New Orleans has only gradually resurrected itself after the city drowned five years ago this week following Hurricane Katrina. That process echoes an unpleasantly familiar drama that has played out countless times around the world during human history.

Building on the coasts and near the fertile floodplains of a river has allowed settlements access to water for trade and agriculture since the earliest days of Egypt and Mesopotamia, according to Greg Aldrete, a historian at the University of Wisconsin in Green Bay. That choice has often come back to haunt people when the floodwaters rose.

"That tension has existed since the very dawn of civilization," Aldrete told LiveScience. "People tend to build cities in floodplains." [Graphic:What Happened in New Orleans]

Disaster has frequently followed, even if none has quite rivaled the biblical flood which set Noah's ark afloat.

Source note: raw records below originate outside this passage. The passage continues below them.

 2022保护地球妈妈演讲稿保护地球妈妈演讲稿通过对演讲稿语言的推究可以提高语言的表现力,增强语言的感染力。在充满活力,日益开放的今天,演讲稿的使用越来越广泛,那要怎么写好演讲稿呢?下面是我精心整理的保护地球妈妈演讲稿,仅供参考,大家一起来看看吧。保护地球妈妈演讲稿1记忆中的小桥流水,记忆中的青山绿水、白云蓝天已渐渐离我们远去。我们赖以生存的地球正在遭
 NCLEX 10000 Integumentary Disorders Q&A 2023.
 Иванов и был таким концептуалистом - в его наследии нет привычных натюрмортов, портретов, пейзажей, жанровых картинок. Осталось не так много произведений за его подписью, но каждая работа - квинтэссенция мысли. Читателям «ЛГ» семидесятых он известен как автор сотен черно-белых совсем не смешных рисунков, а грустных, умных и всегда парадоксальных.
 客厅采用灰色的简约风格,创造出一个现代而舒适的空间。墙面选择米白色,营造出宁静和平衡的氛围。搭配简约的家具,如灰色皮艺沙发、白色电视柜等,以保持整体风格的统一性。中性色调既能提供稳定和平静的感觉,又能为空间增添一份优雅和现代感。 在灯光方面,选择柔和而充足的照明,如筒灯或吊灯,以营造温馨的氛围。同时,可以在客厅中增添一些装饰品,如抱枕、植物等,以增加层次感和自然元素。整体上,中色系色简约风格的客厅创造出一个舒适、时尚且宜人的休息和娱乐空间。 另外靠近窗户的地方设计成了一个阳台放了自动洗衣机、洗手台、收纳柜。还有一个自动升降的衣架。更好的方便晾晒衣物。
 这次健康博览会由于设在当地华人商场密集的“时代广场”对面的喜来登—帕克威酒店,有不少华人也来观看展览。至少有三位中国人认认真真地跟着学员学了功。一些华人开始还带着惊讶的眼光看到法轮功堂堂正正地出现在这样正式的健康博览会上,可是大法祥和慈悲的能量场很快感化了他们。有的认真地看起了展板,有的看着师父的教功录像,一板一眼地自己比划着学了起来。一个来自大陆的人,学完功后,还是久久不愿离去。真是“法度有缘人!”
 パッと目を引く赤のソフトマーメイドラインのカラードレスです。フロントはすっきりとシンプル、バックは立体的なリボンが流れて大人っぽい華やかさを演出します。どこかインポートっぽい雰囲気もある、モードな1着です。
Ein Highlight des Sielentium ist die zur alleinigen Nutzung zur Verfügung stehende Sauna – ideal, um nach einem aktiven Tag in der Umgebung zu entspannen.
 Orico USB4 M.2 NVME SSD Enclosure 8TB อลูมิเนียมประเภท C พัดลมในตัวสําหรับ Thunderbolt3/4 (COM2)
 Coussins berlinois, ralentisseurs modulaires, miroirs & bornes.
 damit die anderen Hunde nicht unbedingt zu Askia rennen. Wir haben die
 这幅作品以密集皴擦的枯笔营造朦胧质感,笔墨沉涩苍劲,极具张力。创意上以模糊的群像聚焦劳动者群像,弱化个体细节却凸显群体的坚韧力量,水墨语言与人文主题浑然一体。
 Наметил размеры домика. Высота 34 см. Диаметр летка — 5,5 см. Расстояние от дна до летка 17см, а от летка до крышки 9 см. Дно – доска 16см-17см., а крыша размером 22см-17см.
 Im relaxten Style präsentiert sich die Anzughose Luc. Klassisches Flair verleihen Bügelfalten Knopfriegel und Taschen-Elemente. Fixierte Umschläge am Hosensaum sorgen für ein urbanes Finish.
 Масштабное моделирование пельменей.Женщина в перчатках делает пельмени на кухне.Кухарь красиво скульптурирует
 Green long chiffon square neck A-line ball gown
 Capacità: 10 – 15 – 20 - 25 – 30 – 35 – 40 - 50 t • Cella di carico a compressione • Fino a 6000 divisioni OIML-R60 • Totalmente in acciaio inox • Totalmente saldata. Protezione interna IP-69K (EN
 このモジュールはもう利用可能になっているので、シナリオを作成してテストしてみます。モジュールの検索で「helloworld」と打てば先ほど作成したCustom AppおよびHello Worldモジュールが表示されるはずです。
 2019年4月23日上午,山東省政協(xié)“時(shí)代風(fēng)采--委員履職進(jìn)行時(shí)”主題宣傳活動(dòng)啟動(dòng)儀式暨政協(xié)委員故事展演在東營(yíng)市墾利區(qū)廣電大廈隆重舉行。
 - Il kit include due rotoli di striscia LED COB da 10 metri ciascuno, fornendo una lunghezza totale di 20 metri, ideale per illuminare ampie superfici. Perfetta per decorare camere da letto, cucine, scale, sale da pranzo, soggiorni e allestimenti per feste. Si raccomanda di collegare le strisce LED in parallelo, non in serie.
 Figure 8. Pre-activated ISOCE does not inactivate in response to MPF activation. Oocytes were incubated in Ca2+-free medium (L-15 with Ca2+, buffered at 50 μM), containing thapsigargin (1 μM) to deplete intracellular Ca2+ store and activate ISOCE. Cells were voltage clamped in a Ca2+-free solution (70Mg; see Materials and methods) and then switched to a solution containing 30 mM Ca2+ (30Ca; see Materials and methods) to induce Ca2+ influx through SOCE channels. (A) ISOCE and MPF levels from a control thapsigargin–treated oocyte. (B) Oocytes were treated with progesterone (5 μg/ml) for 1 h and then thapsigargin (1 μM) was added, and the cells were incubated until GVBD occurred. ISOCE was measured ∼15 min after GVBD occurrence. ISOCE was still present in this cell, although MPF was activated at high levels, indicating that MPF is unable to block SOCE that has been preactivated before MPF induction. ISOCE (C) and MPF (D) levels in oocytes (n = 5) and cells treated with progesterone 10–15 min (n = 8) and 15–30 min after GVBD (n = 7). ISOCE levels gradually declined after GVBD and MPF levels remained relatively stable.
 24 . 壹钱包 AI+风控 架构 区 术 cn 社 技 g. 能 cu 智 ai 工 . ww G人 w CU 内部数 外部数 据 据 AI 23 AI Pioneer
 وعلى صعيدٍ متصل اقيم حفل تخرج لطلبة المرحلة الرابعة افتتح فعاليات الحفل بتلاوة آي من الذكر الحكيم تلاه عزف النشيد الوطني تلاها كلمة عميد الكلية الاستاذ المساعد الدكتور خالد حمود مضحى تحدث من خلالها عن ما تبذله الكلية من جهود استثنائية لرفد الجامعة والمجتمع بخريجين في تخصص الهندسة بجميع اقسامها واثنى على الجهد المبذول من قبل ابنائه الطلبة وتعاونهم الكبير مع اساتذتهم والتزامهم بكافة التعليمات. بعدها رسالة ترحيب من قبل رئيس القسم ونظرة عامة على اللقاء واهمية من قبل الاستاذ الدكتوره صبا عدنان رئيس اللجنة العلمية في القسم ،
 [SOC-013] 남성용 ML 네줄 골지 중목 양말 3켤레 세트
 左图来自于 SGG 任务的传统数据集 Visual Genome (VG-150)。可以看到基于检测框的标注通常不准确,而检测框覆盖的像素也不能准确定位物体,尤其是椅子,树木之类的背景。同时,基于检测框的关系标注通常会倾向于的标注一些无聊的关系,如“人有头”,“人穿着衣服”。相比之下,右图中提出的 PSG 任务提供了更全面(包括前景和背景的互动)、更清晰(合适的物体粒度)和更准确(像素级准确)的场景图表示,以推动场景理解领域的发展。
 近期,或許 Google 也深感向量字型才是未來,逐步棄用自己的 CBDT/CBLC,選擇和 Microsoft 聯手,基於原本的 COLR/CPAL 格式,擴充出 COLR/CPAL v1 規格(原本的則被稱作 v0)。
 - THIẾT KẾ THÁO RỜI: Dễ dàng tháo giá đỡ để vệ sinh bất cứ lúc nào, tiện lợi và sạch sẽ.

The Mississippi River broke through the levees and displaced hundreds of thousands of Americans in seven states in 1927. China has historically suffered great loss of life through floods, including the 1931 flooding of the Yellow River that may have killed millions.

Humans have tried to control the waters with levees and dams, essentially rerouting Mother Nature using a complex network of barriers. But the most massive engineering projects can often lead to even more complex problems, experts say – especially if planners fail to prepare for the worst. And then there's the expense, as some vulnerable towns and cities just can't afford a massive engineering project to keep out floodwaters in some future storm.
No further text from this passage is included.